/NOT FOR DISTRIBUTION IN THE UNITED STATES NEWSWIRE SERVICES OR FOR
DISSEMINATION IN THE UNITED
STATES/
VANCOUVER,
Nov. 7, 2018 /CNW/
- Parkit Enterprise Inc. (TSXV: PKT; OTCQX: PKTEF) (the
"Company" or "Parkit") is pleased to announce that it will be
conducting an offering of rights (each, a "Right") for gross
proceeds of up to $5,000,000 (the
"Rights Offering") to holders of its common shares (each, a "Common
Share") resident in Canada at the
close of business on November 14,
2018 (the "Record Date"). Each shareholder as of the Record
Date will be issued 0.5336 of one Right for each Common Share held.
Every one whole Right will entitle the holder to subscribe for one
Common Share of the Company at a subscription price of $0.29 per Common Share.
The Rights will be listed for trading on the TSX Venture
Exchange (the "Exchange") under the symbol "PKT.RT" commencing on
November 13, 2018 and will be
de-listed from the Exchange at 9:00
a.m. (Vancouver time) on
December 14, 2018 (the "Expiry
Date"), after which time unexercised Rights will be void and of no
value. The Rights Offering includes an additional subscription
privilege under which eligible holders of Rights, who fully
exercise their Rights, will be entitled to subscribe, on a pro
rata basis with other shareholders who participate in the
oversubscription, for Common Shares that have not been purchased
under the Rights Offering. Parkit intends to use the net proceeds
of the Rights Offering for identification and evaluation of new
projects.
The Rights issued under the Rights Offering will be
evidenced by transferable Rights certificates (each, a "Rights
Certificate") which will be mailed, together with a rights offering
notice, to all registered holders of Common Shares in a province or
territory of Canada as of the
close of business on the Record Date.
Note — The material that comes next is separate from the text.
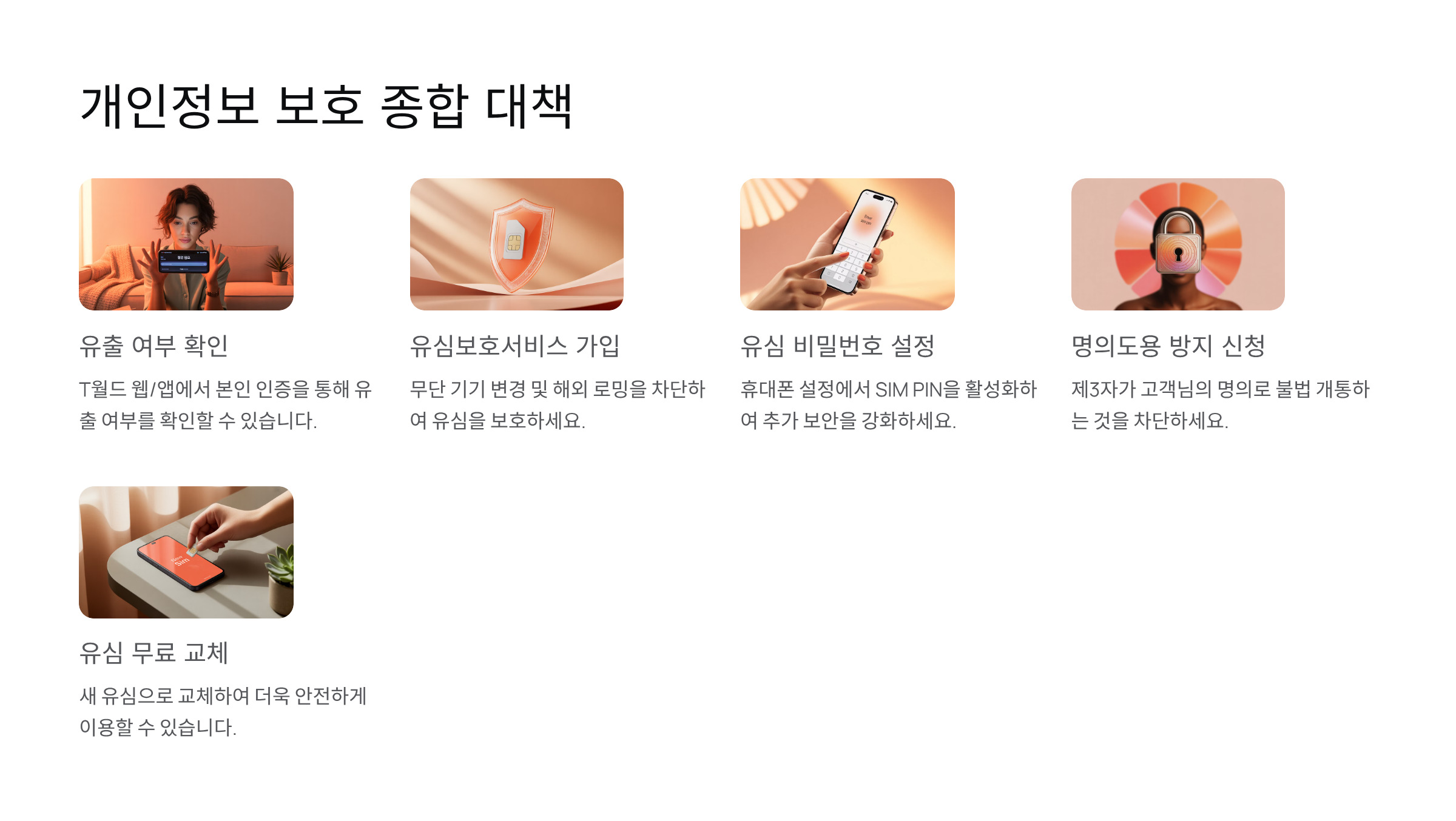 - 유심보호서비스 확대: 알뜰폰 고객 포함, 가입 절차 간소화.

Eligible registered
shareholders who wish to exercise their Rights must forward a
completed Rights Certificate, together with the applicable funds,
to Computershare Investor Services Inc., the Rights agent of the
Company, on or before the Expiry Date. Shareholders who own their
Common Shares through an intermediary, such as a bank, trust
company, securities dealer or broker, will receive materials and
instructions from their intermediary.
Standby Commitment
In connection with the Rights Offering, Parkit has standby
commitments in place from KDI Corporation Ltd., B&M Miller
Equity Holdings Inc. Leonite Capital LLC (an entity controlled by
Avi Geller), and Brad Dunkley (each a "Standby Guarantor", and
together the "Standby Guarantors"). The Standby Guarantors will
ensure that at least 2,413,790 Common Shares will be subscribed for
and that at least $700,000 will be
raised under the Rights Offering. It is anticipated that
Leonite Capital LLC, as a resident of the
United States, will satisfy its standby commitment by
purchasing approximately $250,000
common shares by way of a concurrent private placement of common
shares at $0.29 per share.
The Standby Guarantors are considered to be "related
parties" (within the meaning of Multilateral Instrument 61-101 -
Protection of Minority Security Holders in Special Transactions
("MI 61-101")), making the Rights Offering a "related party
transaction" (within the meaning of MI 61-101) (the "Related Party
Subscriptions"). The Company will be exempt from obtaining a formal
valuation for, and minority approval of, the Related Party
Subscriptions pursuant to Section 5.5(b) and 5.7(b) of MI 61-101,
respectively.
Further details of the Rights Offering and the Standby
Guarantees will be set out in Parkit's rights offering circular and
rights offering notice, which will be filed under the Company's
profile at www.sedar.com.
The Rights Offering is subject to regulatory approval,
including the approval of the TSXV.
About Parkit
Parkit Enterprise Inc. is engaged in the acquisition,
optimization and asset management of income producing parking
facilities across North America.
The Company's shares are listed on TSX-V (Symbol: PKT) and on the
OTCQX (Symbol: PKTEF).
Disclaimer for Forward-Looking
Information
Certain statements contained in this news release
constitute forward-looking information under applicable securities
law. These statements relate to future events or future
performance, including statements as to: the Company's intention to
complete the Rights Offering and the timing thereof; the exercise
price of the rights offered under the Rights Offering; the rights
offering notice and the rights offering circular and delivery of
such documents by intermediaries; the guaranteed minimum proceeds
from the Rights Offering; and the use of proceeds of the Rights
Offering. Such statements are not guarantees of future performance
and actual results or developments may differ materially from those
expressed in, or implied by, this forward-looking information.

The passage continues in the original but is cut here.